In it, Porky Pig is serving the French Foreign Legion in the Sahara Desert.

While strutting and singing The Girlfriend of a Whirling Dervish outside of a bar one night, he meets an informant who sends him on a mission to warn a nearby fortress that notorious desert bandit Ali Baba and his gang of "dirty sleeves" plan to attack it.

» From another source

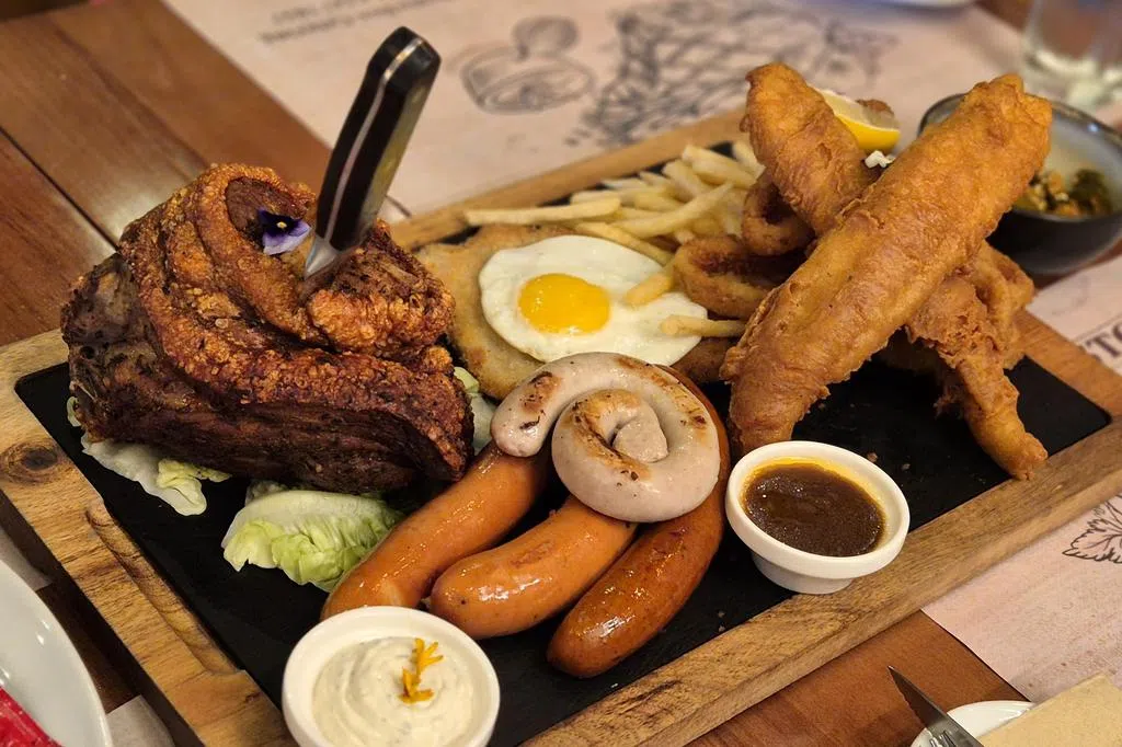 烤牛腩三文治(reuben toastie $20)用两片黑麦面包夹着牛腩肉片、酸菜、瑞士芝士和法式芥末酱(Dijon mustard)。这款三文治咸酸兼有,面包越嚼越香,相当符合本地人口味。另一款辣椒炒蛋三文治($26)是在烤酸种面包抹上自制辣椒酱,铺上炒蛋再加上羊奶芝士和墨西哥辣椒,第一次尝到辣味面包,很新奇,但也有点怪。

Porky arrives to find the fort deserted, and must hold off the villain's assault all by himself.

Tropes:

  • Adaptational Villainy: The original Ali Baba stole from the Forty Thieves, but he wasn't a villain. In this cartoon, Ali Baba is the leader of the "Dirty Sleeves" and wages a full-on attack on a desert fortress.
  • Big Damn Heroes: Baby Dumpling's mother is instrumental in saving both him and Porky from Ali Baba in the end.
  • Boss Subtitles: Ali Baba is introduced to us with on-screen words as "The Mad Dog Of The Desert".
  • Bowdlerise:
    • There are two edits done on the redrawn colorized version of this cartoon, which aired on the compilation show Looney Tunes on Nickelodeon. The first occurs when Porky is riding on his camel and spots Ali Baba's men running towards him. He exclaims "O-O-Oh, goodness gracious!" and rides his camel to the fort. In redrawn print, Ali Baba's men are omitted from this sequence. The second cut occurs when the mother camel kicks Ali Baba. In the original black and white version, Ali flies out of the fort, falls to the ground, and his men ask "what's the matter?" In the redrawn print, we only see Ali fly out of the fort. The portion of the sequence where he falls to the ground and his men question him is gone.
    • Cartoon Network and Boomerang initially ran this short unedited. After the September 11th attacks, however, the scenes referring to one of Ali Baba's men (who has a bomb strapped to his head) as a member of the "suicide squad" was omitted, along with the scene of the bomber sitting next to a building.
  • Door Judo: When the "Suicide Squad" guy charges, Porky and the camels open the front and back doors of the fort, so he ends up bypassing it and crashing into Ali Baba and his men instead.
  • Mickey Mousing: When Porky rides on a baby camel, it walks right in sync to the beat of "The Streets of Cairo".
  • No Celebrities Were Harmed: The informant Porky meets early in the film is a caricature of George Raft.
  • Public Domain Animation
  • Pun-Based Title: On Ali Baba and His Forty Thieves and Alabama Bound.
  • Shout-Out:
    • The bar Porky leaves is called the Brown Turban, a play on the then-popular Brown Derby chain of restaurants.
    • The gag of George Raft flipping a coin with his feet is a reference to his role in Scarface1932.
    • The letter Porky receives from Raft is headlined with "Confessions of a Nasty Spy", a reference to the film Confessions of a Nazi Spy. The letter is signed by "Tattle-tale Gray," a reference to a phrase popularized in ads for Fels Naptha Soap.
    • Porky jokingly thanks Raft by saying "Ya nahaaaaasty spy!", a reference to comedian Joe Penner's catchphrase "You naaaaaasty man!".
    • The baby camel is named Baby Dumpling, which is a reference to a character from Blondie.
  • Standard Snippet: "The Streets of Cairo" plays when Porky is riding a baby camel.
  • Stock Footage: A scene of the thieves running towards Porky is repurposed animation from the 1934 short Buddy of the Apes.
  • Use Your Head: When Porky is defending the fortress, one thief uses another thief as a battering ram, with another thief feeding him headache pills between each strike.
  • Visual Pun: Ali Baba is introduced by having him spy on Porky through literal Beer Glasses (as in, two beer bottles being used as binoculars).
    • After he's identified as "The Mad Dog of the Desert", Ali Baba barks.